Task objective: With pictures left out, output exactly the lines of the listing below from the line that has "一次性青花瓷碗外卖碗流水席专用碗打包碗加厚家用碗食品级外卖碗" to the line that has "بیانیه وزارت امور", both lines kept.
----- Dataset records
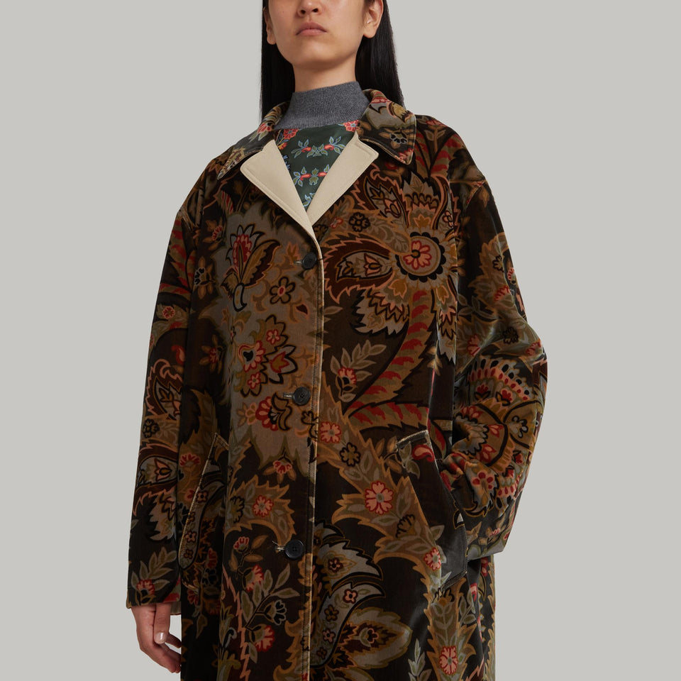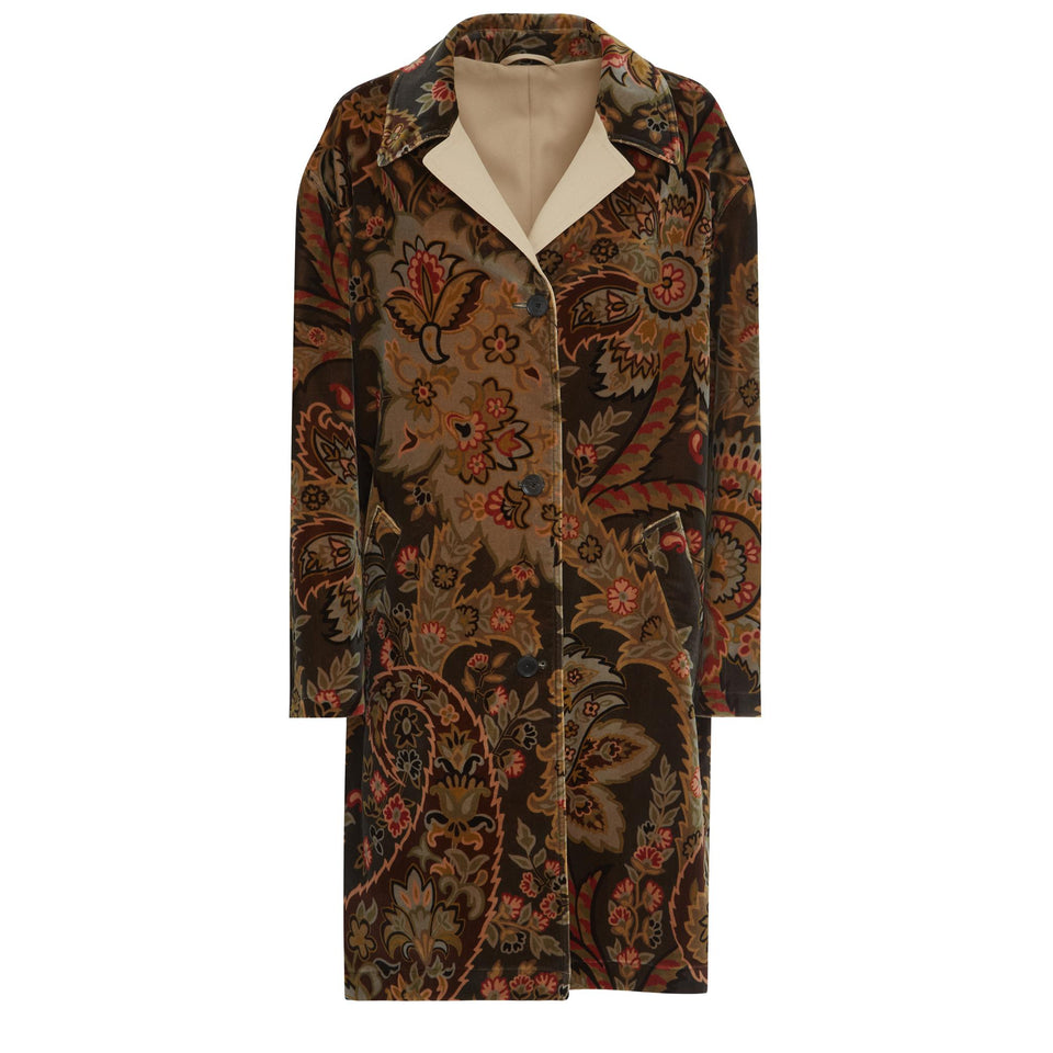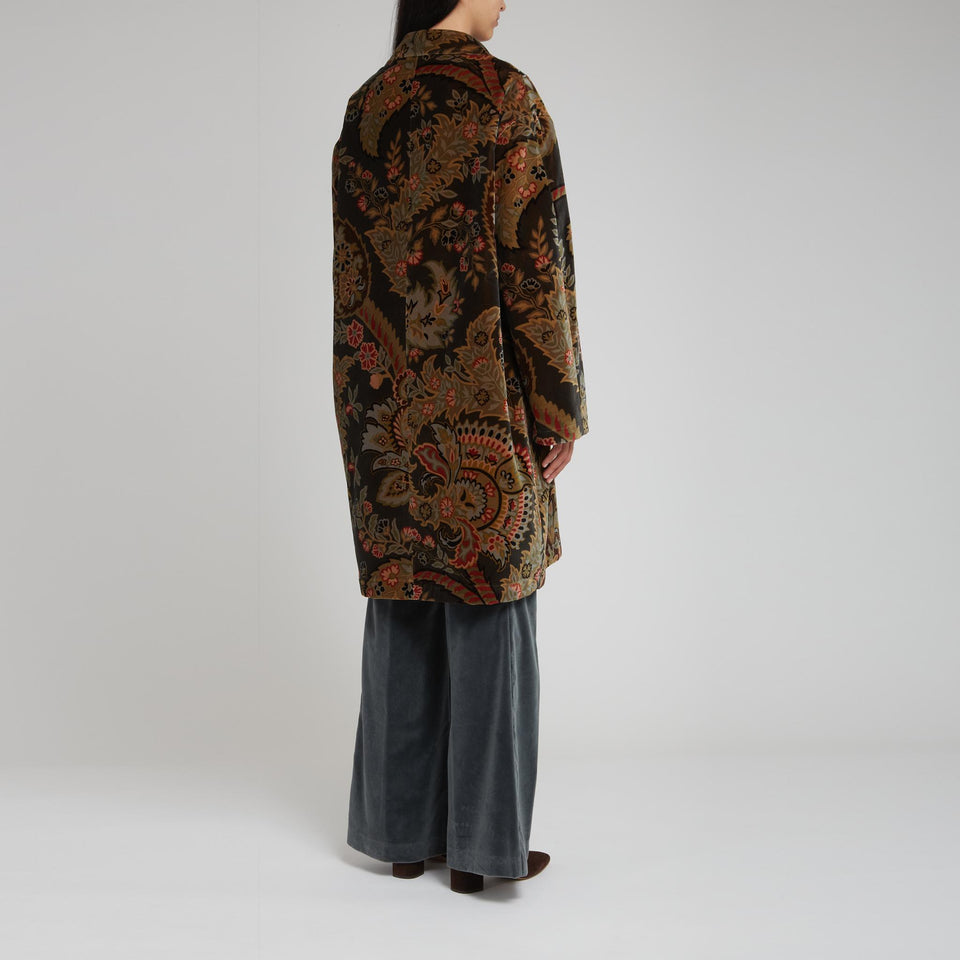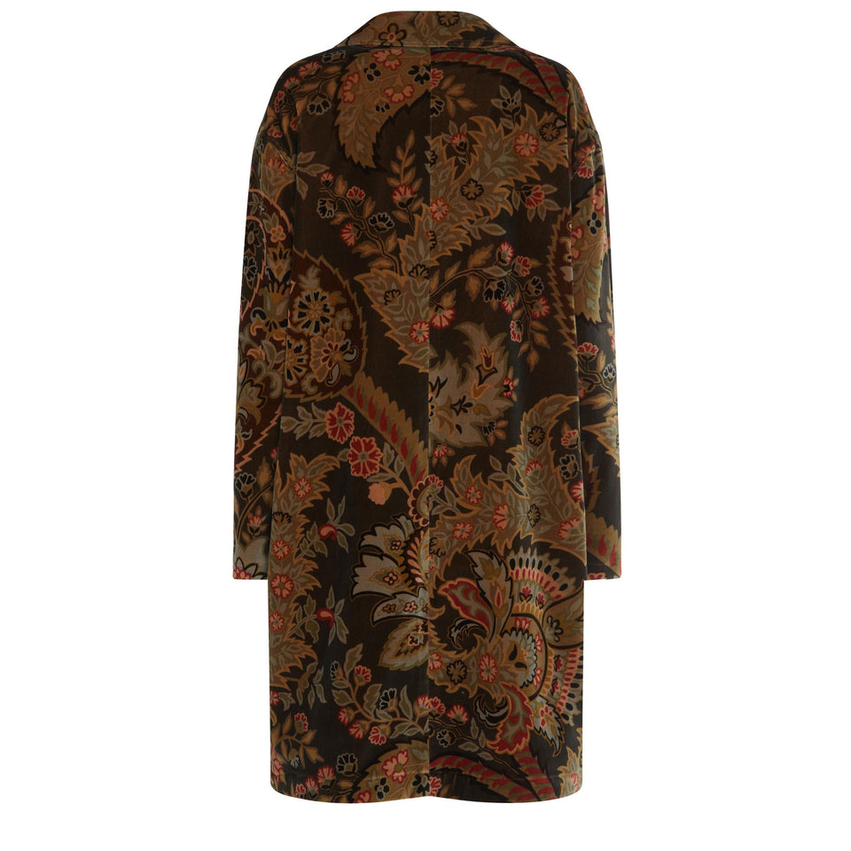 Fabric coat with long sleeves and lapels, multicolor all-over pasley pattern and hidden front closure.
----------
----- Dataset records
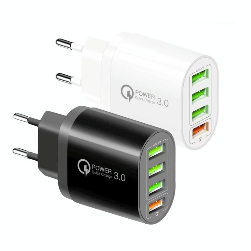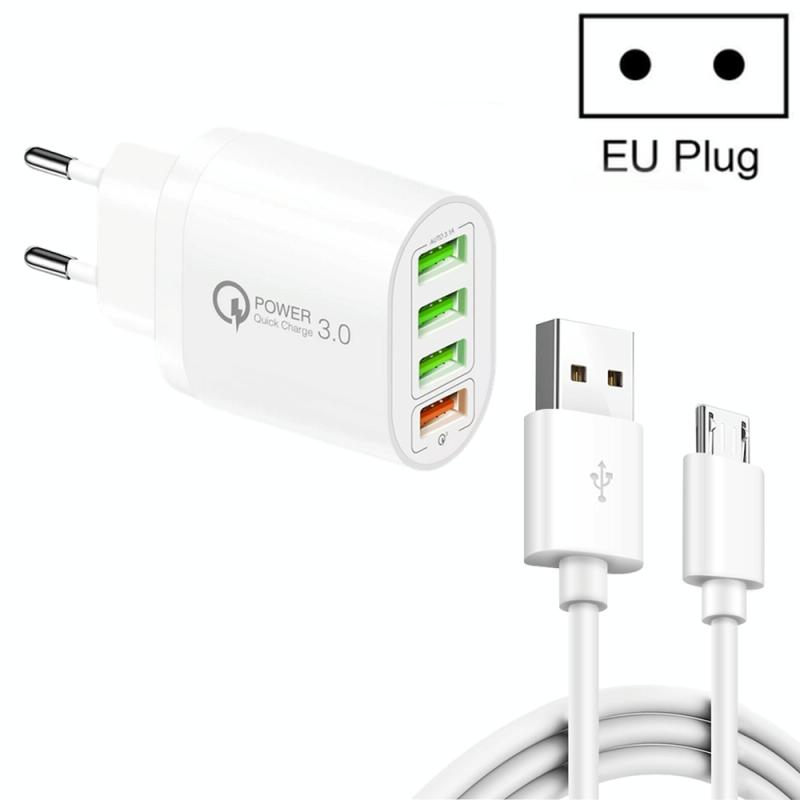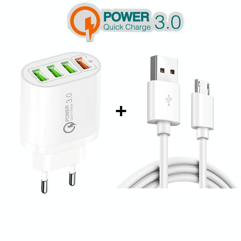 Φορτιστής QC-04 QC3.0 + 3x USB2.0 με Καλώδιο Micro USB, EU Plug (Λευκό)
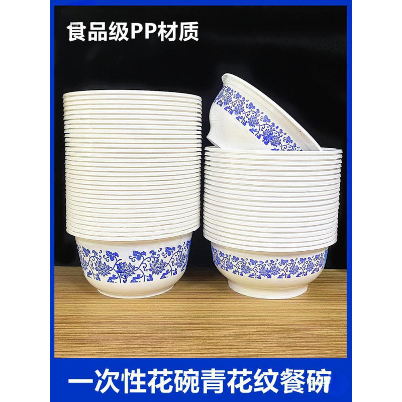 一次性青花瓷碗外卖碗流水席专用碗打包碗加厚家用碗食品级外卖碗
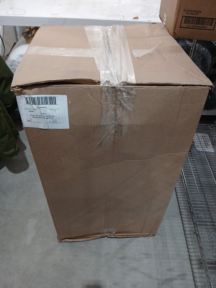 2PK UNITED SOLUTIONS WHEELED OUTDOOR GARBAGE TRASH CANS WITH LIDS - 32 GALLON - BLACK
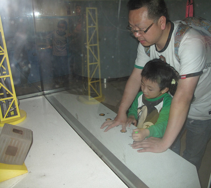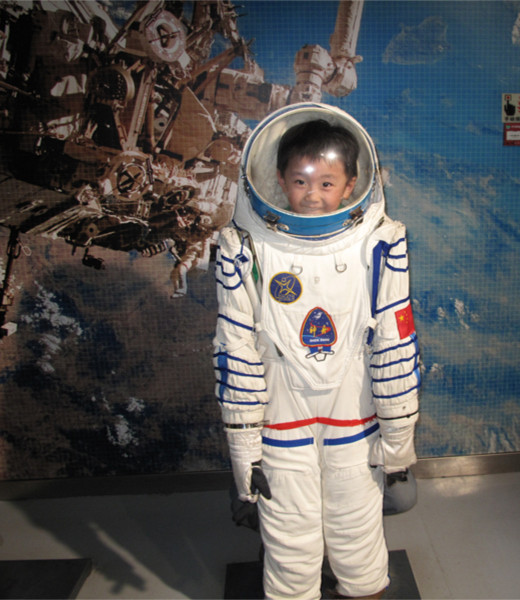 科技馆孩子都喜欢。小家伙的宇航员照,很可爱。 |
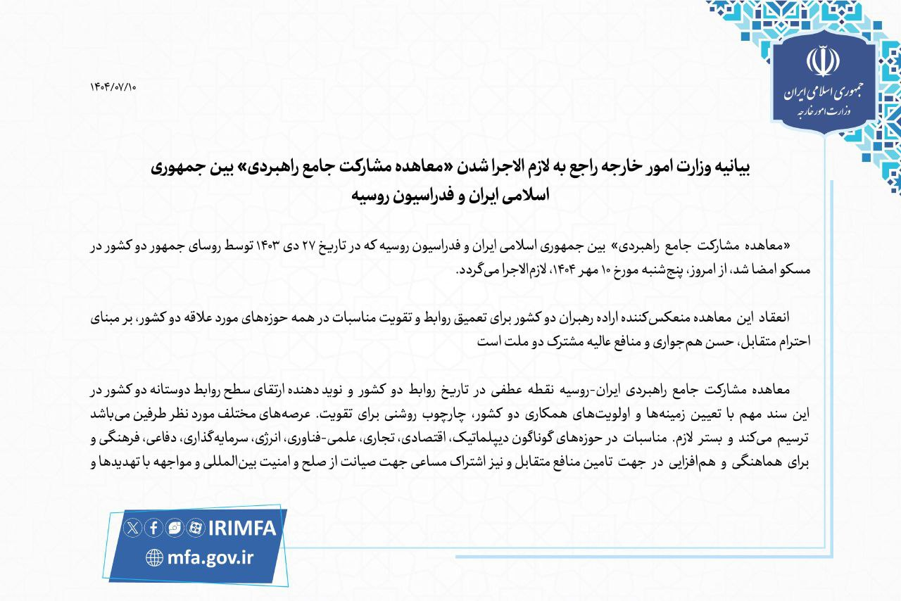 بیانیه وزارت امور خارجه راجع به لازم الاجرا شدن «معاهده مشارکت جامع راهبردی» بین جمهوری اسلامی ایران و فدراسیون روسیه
----------
----- Dataset records
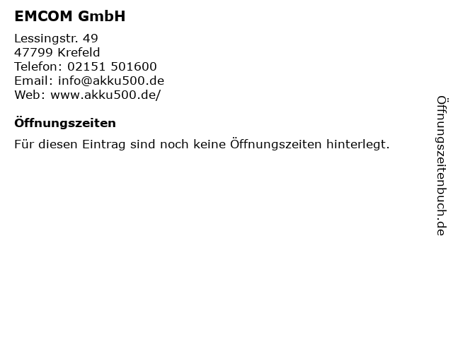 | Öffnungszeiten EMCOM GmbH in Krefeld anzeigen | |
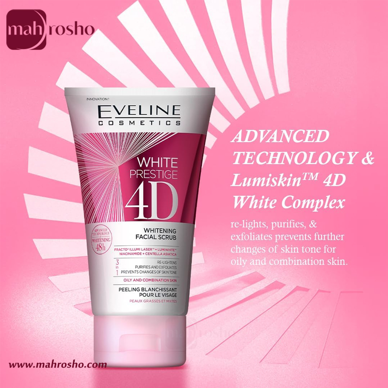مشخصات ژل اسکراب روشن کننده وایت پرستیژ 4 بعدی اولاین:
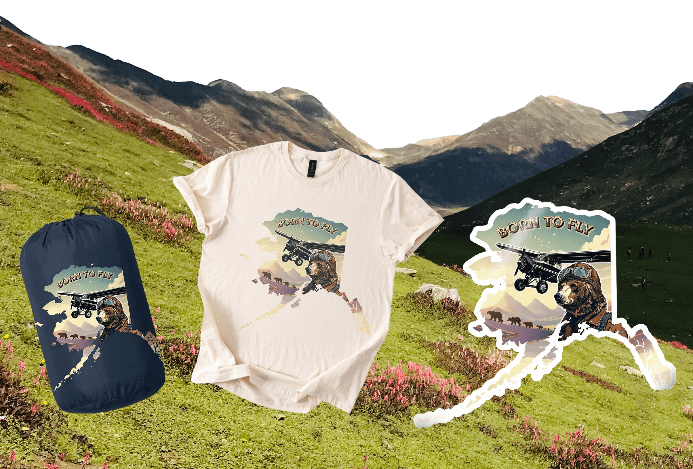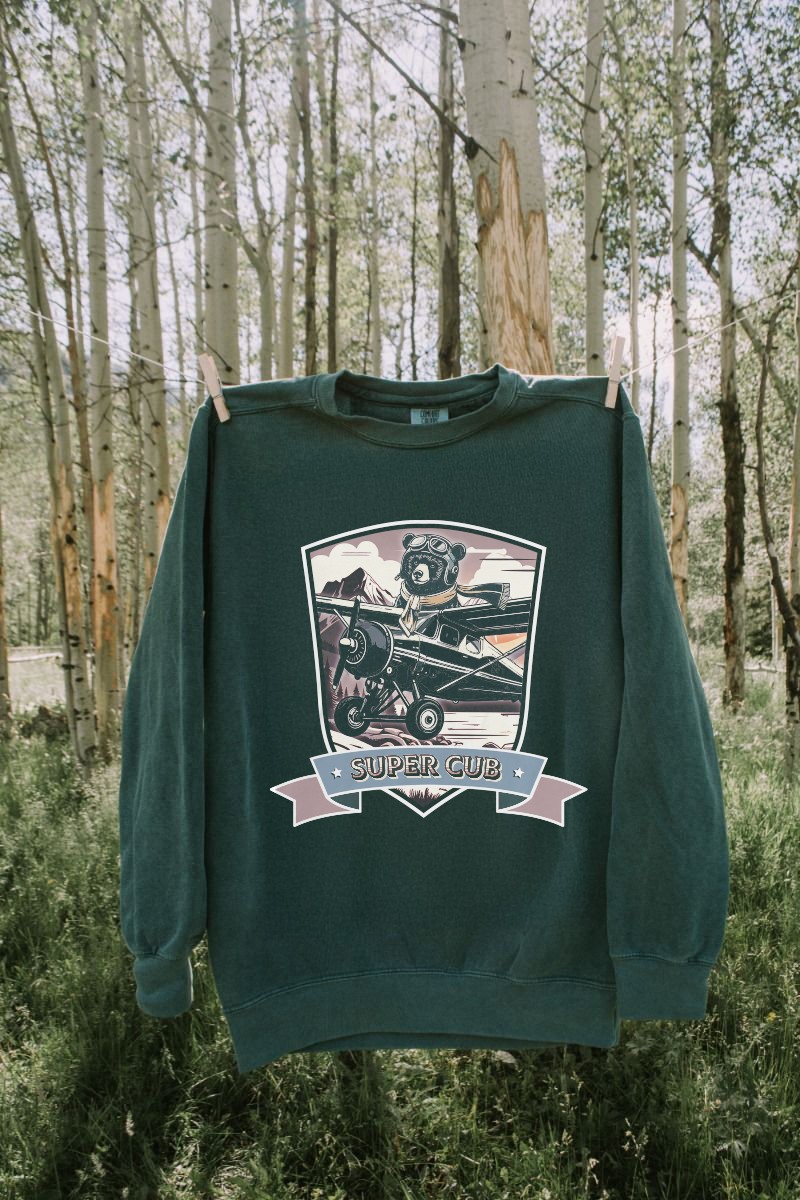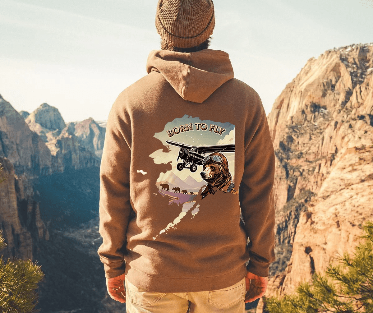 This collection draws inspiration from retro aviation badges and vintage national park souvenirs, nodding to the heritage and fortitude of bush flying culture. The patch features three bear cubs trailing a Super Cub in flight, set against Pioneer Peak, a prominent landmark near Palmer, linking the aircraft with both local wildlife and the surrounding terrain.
----------
Answer to this exercise:
 一次性青花瓷碗外卖碗流水席专用碗打包碗加厚家用碗食品级外卖碗
 2PK UNITED SOLUTIONS WHEELED OUTDOOR GARBAGE TRASH CANS WITH LIDS - 32 GALLON - BLACK
 科技馆孩子都喜欢。小家伙的宇航员照,很可爱。 |
 بیانیه وزارت امور خارجه راجع به لازم الاجرا شدن «معاهده مشارکت جامع راهبردی» بین جمهوری اسلامی ایران و فدراسیون روسیه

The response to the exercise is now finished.